Лидка неожиданно заплакала:
— Ты не понимаешь, как нам тяжело! Маме пенсии не хватает, я одна с детьми. А ты сидишь в трёхкомнатной квартире! Одна!
— Во-первых, квартира двухкомнатная, — спокойно поправила Татьяна. — Во-вторых, я работаю в этой квартире. Здесь мой кабинет, мои клиенты. И в-третьих... Дима никогда бы не одобрил того, что вы делаете.
— Димы нет! — почти выкрикнула Лидка. — Нет его! А мы есть!
— Я тоже есть, — тихо сказала Татьяна. — И у меня есть права. Юридические, человеческие, моральные.
Она проводила Лидку до дверей. Та уходила разъярённая, хлопнув дверью так, что содрогнулись стены.
Обед у родителей вышел тяжёлым. Отец, бывший военный, предлагал радикальные решения: сменить замки, написать заявление в полицию о возможных угрозах, нанять адвоката.
— Чтобы сразу стало понятно — мы не дадим себя в обиду, — говорил он, нарезая хлеб с такой силой, словно разрубал гордиев узел. — И пусть только попробуют что-то выкинуть!
Мама была настроена примирительно:
— Может, стоит поговорить с Зинаидой по-хорошему? Всё-таки столько лет вместе прожили как одна семья. Горе у всех, но зачем же враждовать?
— Мам, они уже наняли юриста, — устало ответила Татьяна. — Какие тут разговоры?
После обеда она поехала на кладбище. Могила Димы утопала в осенних листьях. Татьяна присела на скамейку, долго смотрела на фотографию мужа. Молчала, только изредка смахивая слёзы.
— Что бы ты сделал, Дим? — спросила она наконец. — Как бы ты защитил меня от своей семьи?
Ответа не было. Только ветер шевелил листья.
Дома её ждал сюрприз: в почтовом ящике лежало официальное письмо — приглашение на «семейный совет» от Зинаиды Петровны. Приглашались «все заинтересованные стороны» для «мирного разрешения жилищного вопроса».

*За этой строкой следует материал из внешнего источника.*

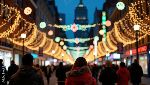 Festive City Street Illuminated by Warm Christmas Lights in the Evening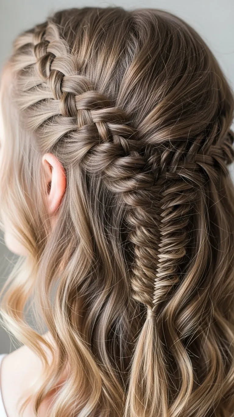 The waterfall braid highlights curls beautifully. Curl hair first, then braid along the side, letting strands fall naturally through the braid. Secure with pins or elastics. Budget-friendly: practice at home with minimal accessories. Perfect for medium to long hair, this style feels romantic and effortless, combining intricate appearance with simple execution. Adds texture and interest without heavy styling.

Татьяна усмехнулась. Ход, конечно, сильный. Собрать весь семейный клан, чтобы надавить, заставить уступить. Но она уже не та растерянная вдова, какой была неделю назад.
На семейный совет она пригласила свою подругу Веру — юриста с десятилетним стажем. Та только хмыкнула, услышав историю:
— Классика жанра. После смерти мужа пытаются оттяпать имущество у жены. Но при наличии дарственной у них шансов нет.
— Зинаида Петровна говорит, что можно доказать, что я оказывала давление на Диму, — с горечью произнесла Татьяна.
— Пусть докажет, — пожала плечами Вера. — А пока документы на твоей стороне, и закон тоже.
Собрание проходило в квартире свекрови. Пришли все: Лидка с детьми, двоюродные братья Димы с жёнами, даже сестра свекрови из Рязани. Вера, увидев такое собрание, только присвистнула:
— Ого, Тань, да тут целый трибунал собрался!
Зинаида Петровна восседала во главе стола, как судья. Оглядела собравшихся, остановила взгляд на незнакомой Вере:
— А это кто?
— Мой юридический консультант, — спокойно ответила Татьяна. — Вы же пригласили на совет «все заинтересованные стороны».
По лицу свекрови пробежала тень раздражения:
— Я думала, мы по-семейному, без посторонних.
— По-семейному у нас не получилось, — пожала плечами Татьяна. — Как только вы привлекли своего юриста, семейные отношения перешли в юридическую плоскость. Не я это начала, Зинаида Петровна.
— Давайте не будем спорить, — попытался вмешаться один из двоюродных братьев Димы. — Мы все тут, чтобы найти справедливое решение.
— Справедливое — это какое? — спросила Татьяна. — То, которое лишит меня моего дома?
— Не лишит, а... переместит, — нервно рассмеялась Лидка. — К твоим родителям. Там тебе будет лучше.
— А с чего вы решили, что мне там будет лучше?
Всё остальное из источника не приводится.